**TRY IT**
Return every record exactly. Omit nothing.

**DATASET RECORDS**
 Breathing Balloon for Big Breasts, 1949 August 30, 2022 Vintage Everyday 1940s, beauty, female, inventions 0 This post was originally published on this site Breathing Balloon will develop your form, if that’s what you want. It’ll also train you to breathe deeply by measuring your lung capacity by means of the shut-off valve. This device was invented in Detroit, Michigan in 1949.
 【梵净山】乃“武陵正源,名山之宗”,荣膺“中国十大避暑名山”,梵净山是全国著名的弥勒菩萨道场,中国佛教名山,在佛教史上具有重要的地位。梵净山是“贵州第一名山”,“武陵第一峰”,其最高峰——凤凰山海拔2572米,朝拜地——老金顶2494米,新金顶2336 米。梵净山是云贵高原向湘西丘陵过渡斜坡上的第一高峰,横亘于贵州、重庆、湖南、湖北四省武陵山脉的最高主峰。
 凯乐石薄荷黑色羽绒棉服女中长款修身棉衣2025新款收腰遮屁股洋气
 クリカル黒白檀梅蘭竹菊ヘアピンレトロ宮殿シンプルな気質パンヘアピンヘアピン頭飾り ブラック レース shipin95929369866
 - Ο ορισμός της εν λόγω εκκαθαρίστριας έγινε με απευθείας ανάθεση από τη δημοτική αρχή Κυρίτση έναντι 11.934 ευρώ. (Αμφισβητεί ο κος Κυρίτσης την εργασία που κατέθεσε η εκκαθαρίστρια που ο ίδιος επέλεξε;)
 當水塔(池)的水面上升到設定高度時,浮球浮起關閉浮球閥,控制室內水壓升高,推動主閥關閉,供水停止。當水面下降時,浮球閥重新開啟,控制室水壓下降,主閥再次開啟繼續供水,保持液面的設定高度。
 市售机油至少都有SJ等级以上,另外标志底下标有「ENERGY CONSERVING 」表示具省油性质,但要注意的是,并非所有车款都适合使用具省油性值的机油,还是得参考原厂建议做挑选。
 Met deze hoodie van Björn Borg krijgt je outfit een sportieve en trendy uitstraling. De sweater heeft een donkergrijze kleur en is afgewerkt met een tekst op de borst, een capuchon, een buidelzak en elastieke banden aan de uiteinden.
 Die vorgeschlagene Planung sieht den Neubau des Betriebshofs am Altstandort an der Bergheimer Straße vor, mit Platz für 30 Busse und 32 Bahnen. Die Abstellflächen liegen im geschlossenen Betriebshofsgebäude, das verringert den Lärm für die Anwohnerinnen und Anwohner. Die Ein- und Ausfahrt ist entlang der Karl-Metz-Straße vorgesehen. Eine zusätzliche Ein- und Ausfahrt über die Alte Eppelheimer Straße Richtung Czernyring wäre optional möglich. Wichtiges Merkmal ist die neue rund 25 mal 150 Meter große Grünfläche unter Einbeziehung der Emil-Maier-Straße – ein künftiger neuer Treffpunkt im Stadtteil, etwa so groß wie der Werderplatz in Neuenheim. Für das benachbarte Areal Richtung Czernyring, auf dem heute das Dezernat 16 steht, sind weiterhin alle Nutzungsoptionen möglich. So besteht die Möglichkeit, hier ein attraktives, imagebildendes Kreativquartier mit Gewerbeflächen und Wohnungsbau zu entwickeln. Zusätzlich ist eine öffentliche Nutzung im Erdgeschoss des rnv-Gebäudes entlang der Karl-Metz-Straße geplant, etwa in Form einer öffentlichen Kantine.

**ANSWER FOR THE TASK**
 Breathing Balloon for Big Breasts, 1949 August 30, 2022 Vintage Everyday 1940s, beauty, female, inventions 0 This post was originally published on this site Breathing Balloon will develop your form, if that’s what you want. It’ll also train you to breathe deeply by measuring your lung capacity by means of the shut-off valve. This device was invented in Detroit, Michigan in 1949.
 【梵净山】乃“武陵正源,名山之宗”,荣膺“中国十大避暑名山”,梵净山是全国著名的弥勒菩萨道场,中国佛教名山,在佛教史上具有重要的地位。梵净山是“贵州第一名山”,“武陵第一峰”,其最高峰——凤凰山海拔2572米,朝拜地——老金顶2494米,新金顶2336 米。梵净山是云贵高原向湘西丘陵过渡斜坡上的第一高峰,横亘于贵州、重庆、湖南、湖北四省武陵山脉的最高主峰。
 凯乐石薄荷黑色羽绒棉服女中长款修身棉衣2025新款收腰遮屁股洋气
 クリカル黒白檀梅蘭竹菊ヘアピンレトロ宮殿シンプルな気質パンヘアピンヘアピン頭飾り ブラック レース shipin95929369866
 - Ο ορισμός της εν λόγω εκκαθαρίστριας έγινε με απευθείας ανάθεση από τη δημοτική αρχή Κυρίτση έναντι 11.934 ευρώ. (Αμφισβητεί ο κος Κυρίτσης την εργασία που κατέθεσε η εκκαθαρίστρια που ο ίδιος επέλεξε;)
 當水塔(池)的水面上升到設定高度時,浮球浮起關閉浮球閥,控制室內水壓升高,推動主閥關閉,供水停止。當水面下降時,浮球閥重新開啟,控制室水壓下降,主閥再次開啟繼續供水,保持液面的設定高度。
 市售机油至少都有SJ等级以上,另外标志底下标有「ENERGY CONSERVING 」表示具省油性质,但要注意的是,并非所有车款都适合使用具省油性值的机油,还是得参考原厂建议做挑选。
 Met deze hoodie van Björn Borg krijgt je outfit een sportieve en trendy uitstraling. De sweater heeft een donkergrijze kleur en is afgewerkt met een tekst op de borst, een capuchon, een buidelzak en elastieke banden aan de uiteinden.
 Die vorgeschlagene Planung sieht den Neubau des Betriebshofs am Altstandort an der Bergheimer Straße vor, mit Platz für 30 Busse und 32 Bahnen. Die Abstellflächen liegen im geschlossenen Betriebshofsgebäude, das verringert den Lärm für die Anwohnerinnen und Anwohner. Die Ein- und Ausfahrt ist entlang der Karl-Metz-Straße vorgesehen. Eine zusätzliche Ein- und Ausfahrt über die Alte Eppelheimer Straße Richtung Czernyring wäre optional möglich. Wichtiges Merkmal ist die neue rund 25 mal 150 Meter große Grünfläche unter Einbeziehung der Emil-Maier-Straße – ein künftiger neuer Treffpunkt im Stadtteil, etwa so groß wie der Werderplatz in Neuenheim. Für das benachbarte Areal Richtung Czernyring, auf dem heute das Dezernat 16 steht, sind weiterhin alle Nutzungsoptionen möglich. So besteht die Möglichkeit, hier ein attraktives, imagebildendes Kreativquartier mit Gewerbeflächen und Wohnungsbau zu entwickeln. Zusätzlich ist eine öffentliche Nutzung im Erdgeschoss des rnv-Gebäudes entlang der Karl-Metz-Straße geplant, etwa in Form einer öffentlichen Kantine.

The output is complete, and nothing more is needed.